Betapa hatiku takkan pilu
Telah gugur pahlawanku
Betapa hatiku takkan sedih
Hamba ditinggal sendiri

 

Siapakah kini pelipur lara
Nan setia dan perwira
Siapakah kini pahlawan hati
Pembela bangsa sejati

 

Telah gugur pahlawanku
Tunai sudah janji bakti
Gugur satu tumbuh seribu
Tanah air jaya sakti

 

Jika dulu, para pahlawan gugur di medan pertempuran oleh senjata dan strategi musuh agar Indonesia merdeka, maka kini, para pahlawan (aparatur negara dan petinggi di negeri ini) mesti berhati-hati agar tidak “gugur” gegara urusan dan kepentingan yang menjauhkan diri dari menjalankan amanat yang telah diberikan oleh bangsa dan negara Indonesia.

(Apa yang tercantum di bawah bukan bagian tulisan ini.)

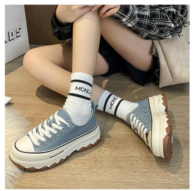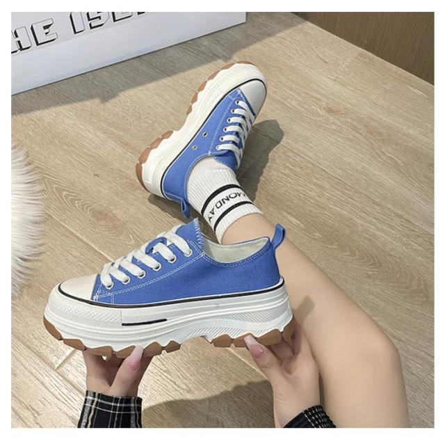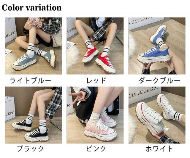 スニーカー レディース 厚底 ローカット 5cmUP スニーカー 靴 フラットシューズ カジュアル キャンバスシューズ ジュニア コンフォート スポーツシューズ スニーカー靴 お洒落 疲れない 白 黒 青
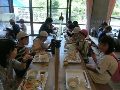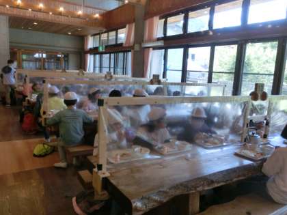 食堂でランチタイム。しっかり食べて、午後に備えます。
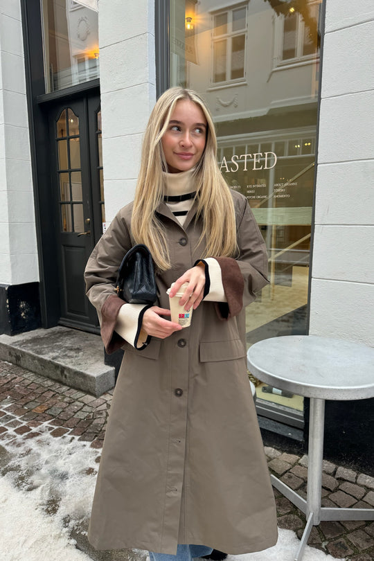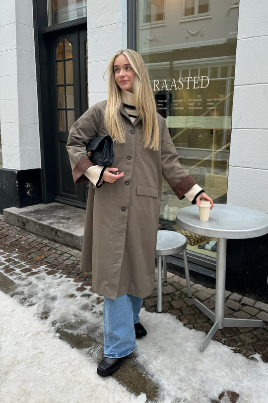 It is a trenchcoat without lining and is perfect for spring and summer. The sleeves are cut off to show the wrist.

Untuk itu, melalui peristiwa tewasnya Brigadir J., saya kira POLRI perlu berani berbenah, “mengintrospeksi diri”, bahkan berani “bersih-bersih” di tubuh POLRI. Hingga saat ini, Kapolri Jenderal Listyo Sigit Prabowo telah melakukan langkah maju dalam menangani kasus ini. Langkah Kapolri ini perlu mendapatkan apresiasi dan dukungan penuh dari masyarakat untuk mengawal kasus ini.

Seiring pengusutan kasus ini, saya rasa POLRI perlu juga berefleksi untuk mengantisipasi terulangnya kasus serupa. Sebab sangat disayangkan bila ada aparat POLRI di negeri ini akhirnya mesti “gugur” gegara hal yang semestinya bisa dielakkan.

Meminjam diksi pada lagu Gugur Bunga karya Ismail Marzuki tadi, saya masih percaya bahwa aparat POLRI adalah pahlawan yang gagah perkasa dan pembela bangsa sejati. Bravo POLRI. Salam Presisi.